そうした循環の先には、政財界も官界も人材の種類が固定化され、益々非連続な改革がしにくくなっているわけです。翻って、首都圏の「公立中学」の問題に戻りますと、やはりそこには巨大な「ガバナンスの不在」があるわけです。
こうなると、日本のエリート教育やエリート選抜のシステムは、江戸時代のように固定化をしてしまっていると言っても過言ではありません。そう考えると、現在の日本の統治システムは、財政危機と外敵への恐怖に揺れる天保期のような末期的な状況になっている、少なくとも東京はそうなっているのを感じます。

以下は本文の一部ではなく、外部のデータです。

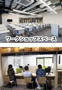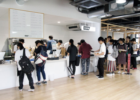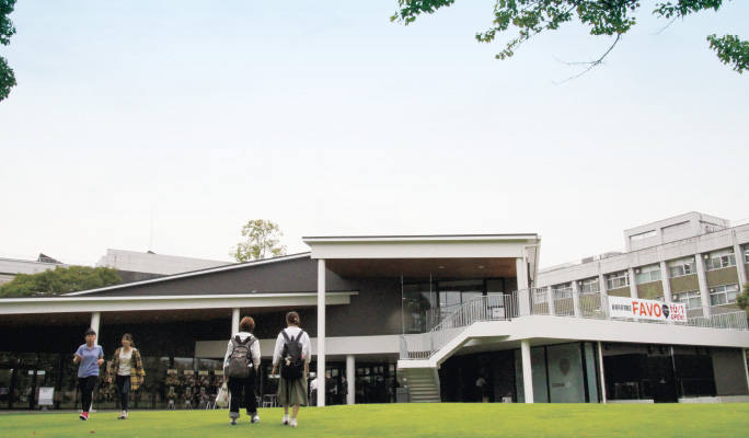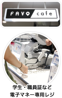 FAVOは吉田キャンパスの中心に位置する2階建ての建物です。1階にはBakery、Box Lunch、One Plate Restaurantの三つのコーナーを備えたカフェテリアと、ミニショップもある多目的ルーム、2階にはサポートカウンターを兼ね備えたBookstoreとWorkshoproomと、小さいながらも複合施設となっています。

例えばICTの普及が東京がイマイチであるのは、よく考えると納得がいきます。小学校段階では通塾生は学校では「お客さん」なので、保護者もICT推進への期待はしません。また、中学の場合は、上位層の抜けた後なので、やはり学校全体の士気は活性化が難しいわけです。

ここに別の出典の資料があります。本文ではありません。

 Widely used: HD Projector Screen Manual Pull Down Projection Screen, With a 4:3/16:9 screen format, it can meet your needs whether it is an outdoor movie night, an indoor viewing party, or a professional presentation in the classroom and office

その一方で、伝統的な一貫校の場合も、最上位校のグループでは、学校は「行事や部活の思い出つくり」の場で、学習は「鉄緑」等の外部でやるわけです。また多くの国立や私立の教員人事は流動性も低い中では、ICTへの動機は強くないわけです。新しいことに飛びつきたがるのは、一部のアグレッシブな新設一貫校とか、国際志向、共学化でリブランディングといった学校が中心ではないかと思うのです。
そう考えると、現在の日本における教育格差の問題を考えると、一番「いびつ」であるのは首都圏ということになります。そして、そこにはあまり希望はありません。東大の法科で霞が関の人気が低下して、マッキンゼー(この変わったファームが新卒を採るというのがイマイチ理解できないのですが)とか、ゴールドマンに流れるというのも末期的です。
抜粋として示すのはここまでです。